The problematic casting of Julianne Moore also fits under this heading.  Moore’s a fine actress, and she definitely gives it a go, but in contrast to the demure strength and beauty that Jodie Foster brought to the role, Moore is a complete mismatch for this character.  Foster’s Starling was never not attractive, and never not a woman, but her place in her world always weighed on her; she carried herself as a woman that wanted to suppress who (and what) she was expected to be.  Even accounting for the time lapsed between the end of Silence and where Hannibal picks up, the contrast between the two versions of the character is unavoidably sharp. Even at her most unbecoming, Moore’s Starling looks (and carries herself) like she’s one moist towelette away from being ready for another Revlon commercial shoot, all style and no substance. That the film ends with her slinking (or, to be more accurate, stumbling) around in an evening gown seems to be there solely to play up the incongruity between actress and character. The plot doesn’t help much, either; where Silence worked hard to make it seem plausible that Starling (and friends) could stand toe-to-toe with a super-genius like Lecter, Hannibal has Starling mostly at the mercy of either Lecter or the FBI, helpless to do anything except react to what’s happening around her.  The decision to feature bits of dialogue from Silence (in the form of tapes from Dr. Chilton) with Moore reading Foster’s lines only goes to further highlight where the choices made with the Clarice Starling in Hannibal went off the rails.

And, of course, there’s the game attempt to turn Lecter into an honest-to-goodness anti-hero.  If Lecter were a Marvel Comics character from the 1980s, there’d no doubt be a slew of failed attempts to launch a monthly series depicting the good doctor as a proto-Dexter Morgan, avenging the rights of the wronged (and pleasing his refined palette) in his own indomitable way.  There were hints of this “redemption” in Silence, what with the film ending with him on the trail of his captor, the loathsome Dr. Chilton.  Even the deaths of the security guards could be written off by pro-Lecterites as justified, given he was merely trying to escape his cruel fate.  Of course, his cruel fate came as the result of his ghastly crimes against his patients, but there’s no need to let facts get in the way of a good cause.

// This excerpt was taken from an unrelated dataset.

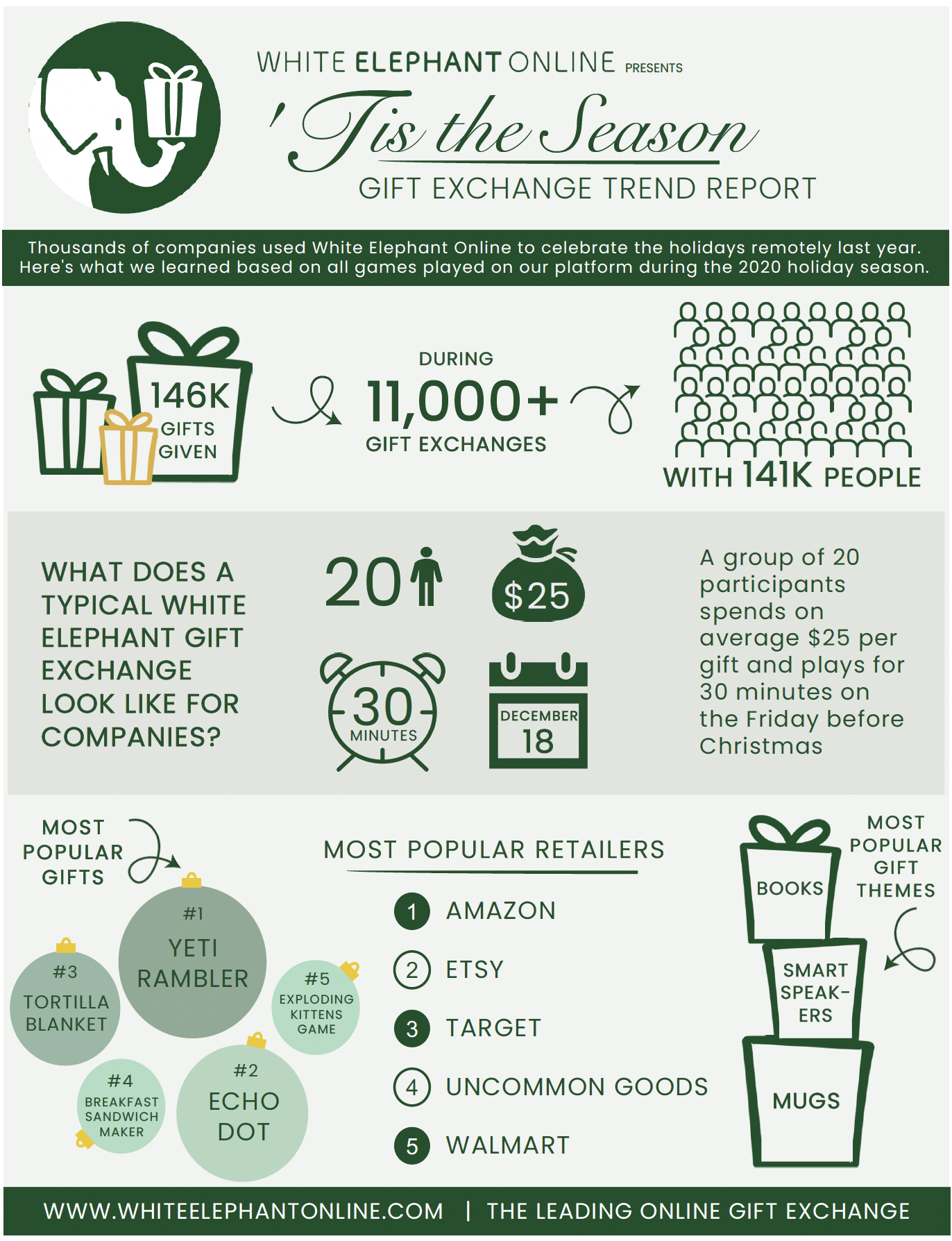 Last season, thousands of companies used White Elephant Online to celebrate the holidays remotely. With over 11,000 games played on the platform and over 146,000 gifts exchanged during the 2020 holiday season, White Elephant Online’s Tis the Season Gift Exchange Trend Report sheds light on interesting gift-giving trends and how companies celebrate the holidays.

That’s certainly how Hannibal sees things.  Lecter’s not killing innocent people, he’s dispatching all sorts of sinners to save himself from Verger’s dastardly plans (involving the aforementioned man-eating-pigs).  Don’t forget he also avenges Starling’s wounded womanhood (through the joy of cooking), and frees himself from her dastardly handcuffed clutches by sacrificing his own hand. Not before stealing a kiss from the fair maiden’s lips, of course.  Previously, his flare-ups of dashing charisma were meted out sparingly, as hints of the face he presented to polite society.  Here, where not a moment goes by without Hannibal offering the perfect bon mot or slying winking at his predicaments, the charm wears quite thin.  It’s too appropriate that the film concludes with a smug one-two punch: a one-handed Lecter, on a plane, corrupting a young boy with some sweet bread, and an obnoxiously winsome “ta-ta” from Lecter (from a letter-reading narration earlier in the film) after the final credits have rolled.

There’s a shot, after the man-eating pig debacle (and bless the filmmaker that can make that sort of contrivance work) (shout-out to David Milch), of Lecter in silhouette, kicking open the doors of the barn, carrying Starling in his arms to “safety.”  It’s undoubtedly meant to recall the image of a more famous misunderstood monster, the Universal Studios version of Frankenstein.  But Frankenstein’s monster, by its very nature, is sympathetic; it’s a creature that didn’t ask to be born, created by a megalomaniac unconcerned with its well-being, lost in a world that it doesn’t understand.  That (from what I’ve read) Hannibal Rising tries to further the efforts of this book / film and paint Lecter in a similar light isn’t just laughable; it’s an outright betrayal of what made the character (and his fictional world) worth a damn in the first place.